Affiliation:
1. Neurosurgery, Hospital Nacional de Niños "Dr. Carlos Sáenz Herrera", Costa Rica
2. Spina Bifida Clinic, Hospital Nacional de Niños "Dr. Carlos Sáenz Herrera"
3. Epidemiological Surveillance Unit, Caja Costarricense de Seguro Social
Abstract
Abstract
Purpose
To describe the clinical characteristics of pre and perinatal care of children born with myelomeningocele in Costa Rica from 2004 to 2022 after the introduction of mandatory four staple food fortification policy, describing the clinical features of this cohort including the size of the meningomyelocele, neurological level, presence of symptomatic Chiari II at birth, kyphosis and the severity of hydrocephalus requiring cerebrospinal fluid (CSF) shunting.
Methods
We performed a retrospective review of the clinical records of patients with myelomeningocele at the spina bifida clinic from the National Children´s Hospital of Costa Rica who were born after the introduction of the four staple food folic acid fortification.
Pre and perinatal care data pertaining to the number of obstetric ultrasound studies, the trimester in which they were performed and the detection of myelomeningocele and associated hydrocephalus, gestational age and route of delivery, neurological level, myelomeningocele defect size, associated kyphosis and symptomatic Chiari II malformation at birth, time periods of myelomeningocele repair and eventual CSF shunting were examined.
Results
A total of 215 patients born between 2004 and 2022 were eligible for analysis with a follow up ranging from 1 to 19 years (median follow up: 7.9 years).

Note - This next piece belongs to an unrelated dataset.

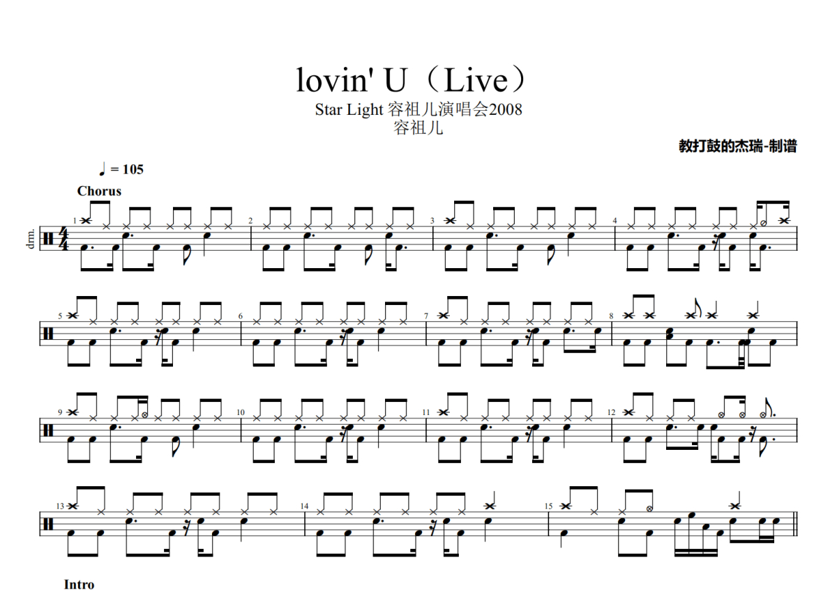 《lovin' U(Live)》是容祖儿演唱的一首歌曲,Star Light 容祖儿演唱会2008,这份鼓谱共有三张高清图谱,图谱由 @Jerry 编配上传,图谱使用五线谱编配,使用这份lovin' U(Live)架子鼓谱,你将能够轻松地敲打出这首容祖儿的lovin' U(Live),快来尝试吧。lovin' U(Live)。

Among 99.1% of the mothers of patients who had prenatal consultations, 95.8% had an average of 3.8 obstetric ultrasound studies which led to a 59% prenatal detection rate of myelomeningocele.
This cohort had a slight male predominance (54.8%). Among these newborns, 7.5% had the myelomeningocele lesion repaired in less than 8 hours, 12.2% from 8-12 hrs., 66.5% 12-24 hrs. and 12.7% from 24-48 hrs. and 1% later than 48 hrs.

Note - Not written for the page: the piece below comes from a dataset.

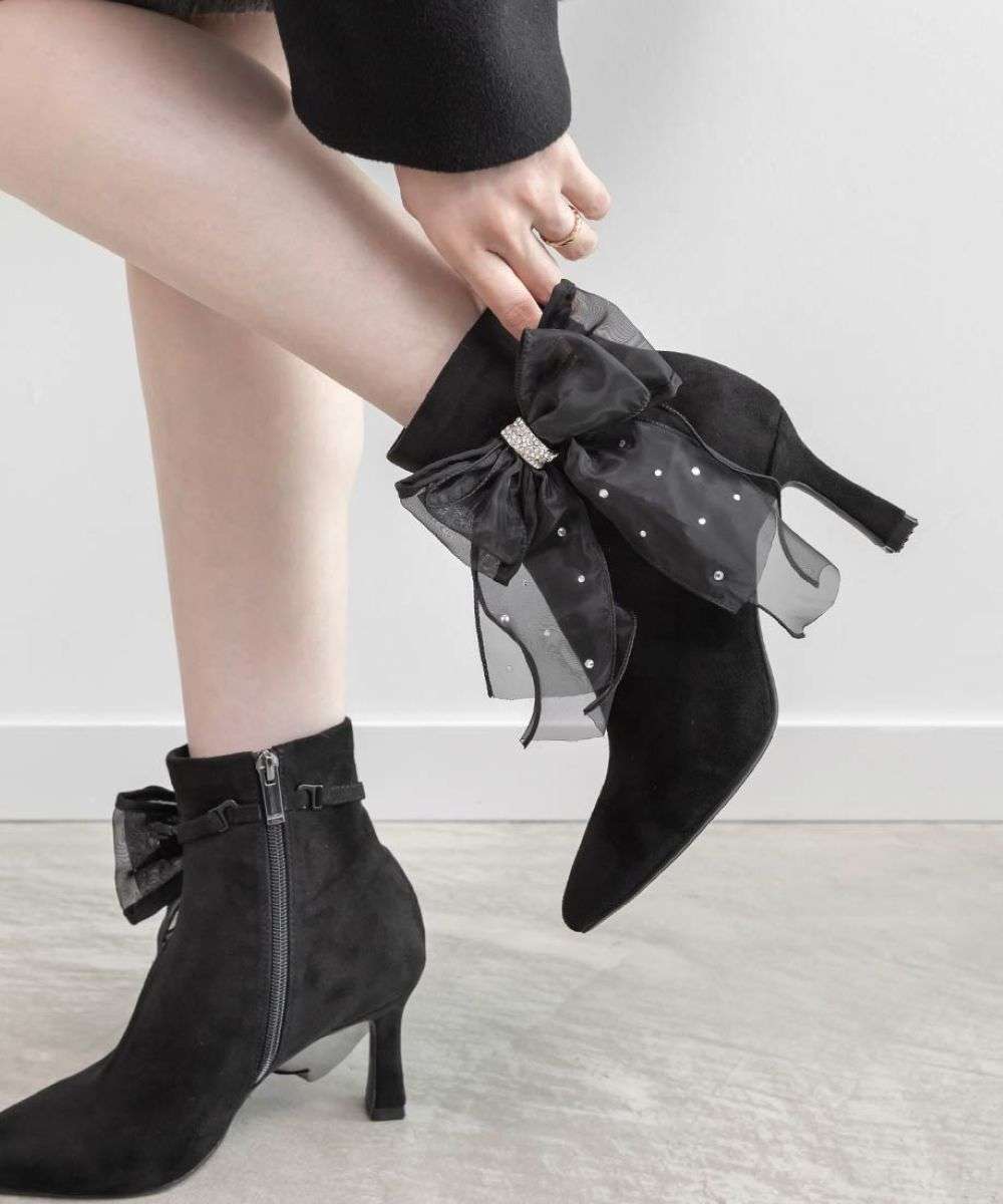 お問い合わせ番号:PC36240 Y 煌めくビジューxシアー素材のリボンが付いた2WAYショートブーツ。 すっきりとした美シルエットとフェミニンなリ...

Regarding the myelomeningocele anatomic and functional characteristics, defect size was measured as less than 3 cm in 7% of cases, 3 to 5 cm in 50% of cases, 5 to 7 cm in 42% of cases and greater than 7 cm in 1% of cases. 13% of the cases had paraplegia due to a thoracic level, 9.3% had a high lumbar level, 58% had a middle lumbar level, 13% a lower lumbar level and 5.6% only sacral compromise.

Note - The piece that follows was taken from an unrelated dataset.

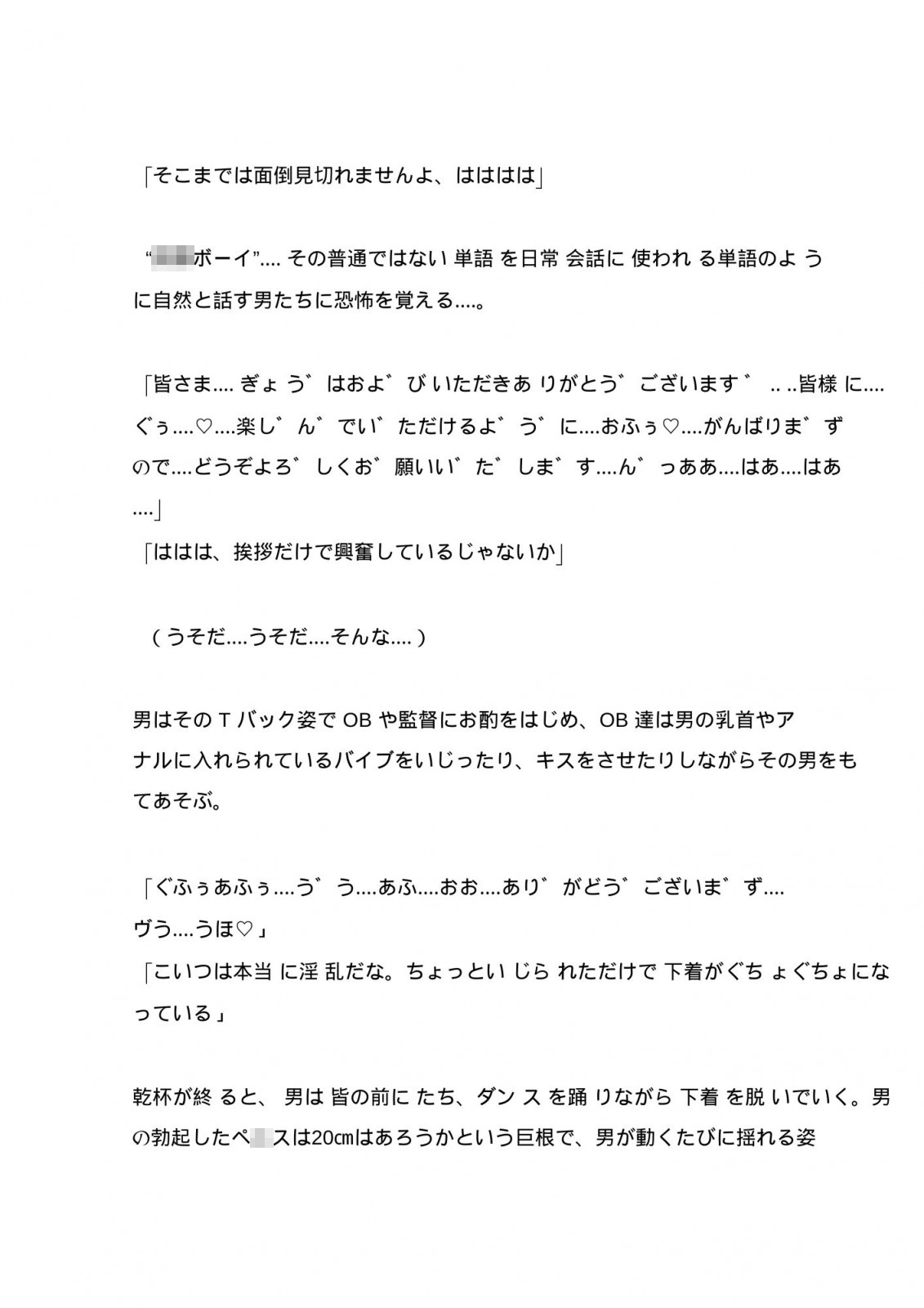 人気の部員を監督が媚○を使いながら時間をかけて○○し、精液風呂につけて精子に慣れさせ、客に差し出していく‥‥。

Postnatal closure was performed in less than 8 hrs. in 7.4% of cases, 8 to12 hrs. in 12.1% of cases, 12 to24 hrs. in 65.8% of cases, and 24 to48 hrs. in 12.5% of cases. Kyphotic deformities were observed in 3 patients who had very large defects and only 6 patients had symptomatic Chiari II malformation at birth. 79% of the cohort required CSF VP shunting with a mean time for insertion of 10 days after spinal defect closure.
Conclusions
This study describes a four staple folate fortified population of live born patients with myelomeningocele lesions whose neurological level, defect size, and associated deformities such as spinal kyphosis and symptomatic Chiari II at birth, suggest that folate fortification could have diminished the severity of this congenital disease.